You know, so that's what I use for the other stuff, for the houses, the weddings, and that type of thing. But there's a third bonus level as your kids get older and they start getting their first job. They may be babysitting in the neighborhood, cutting grass, or like my daughter, she started, because she did those things first, but then she started working at Chick-fil-A. I do a dollar-for-dollar match into a custodial Roth IRA. Because when you go back and look at that deliverable that I was talking about, where what can a dollar become by the time you retire, your 14-year-old or 15-year-old that starts working at the fast food restaurant, if you can do a dollar-for-dollar match, and it's in a Roth account, there's a good chance that money will actually turn into what you're saying. Because it's not like they're going to use that money for the house down payment because you're hopefully gonna do a good enough financial education. They're going to get excited about this. This is the money that's for my easy retirement. Don't miss out on that opportunity. The day they actually start making their money, load them up with some parental matching money because it has worked tremendously well for me and my daughter.

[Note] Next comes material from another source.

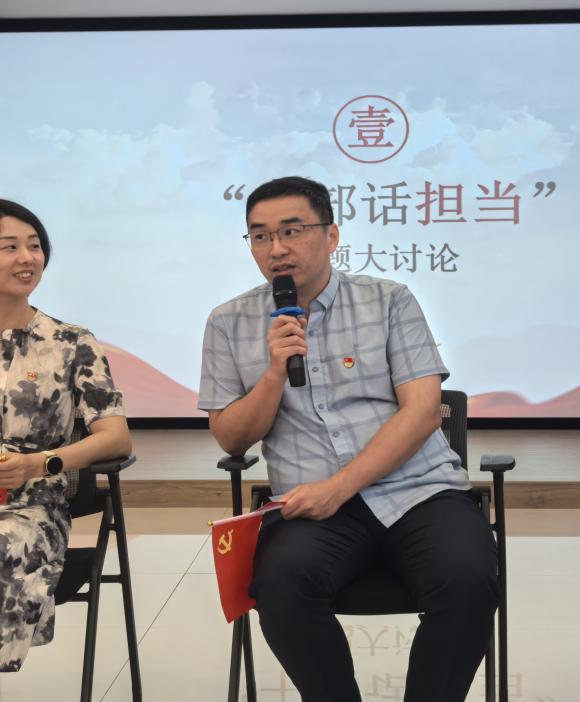 在随后的自由讨论环节,全体党员围绕"浙财精神"展开热烈讨论。同志们立足于工作实际,聚焦学校发挥与时代内涵,畅谈对"一流财大,师生何为”的理解。"做好小事”"全心服务”“踏实肯干”“勇于担当”“锐意创新”等词汇频出,这些朴实的话语正是"浙财精神"在行政管理岗位上的生动体现。

What I think is great about it is that, look, we know the market's been bad. I haven't been drawing too much attention to the volatility. But when markets are making money, I'll show her her monthly statement. I'll be like, "Hey, you realize last month your portfolio made $375? I was like, do you realize when you first started, it was a little over ten dollars an hour? You realize that would have been close to a full if you were doing full-time work? Since you're working part-time, I mean, that was probably a month of your labor right there, just the money working for you." And I could see the light bulb go off and be like, "Yeah, this is pretty cool when my money does stuff without me having to actually use my back, my brains, my hands." That's what you're trying to light that fire, get them excited, and create that young financial mutant that will conquer the world.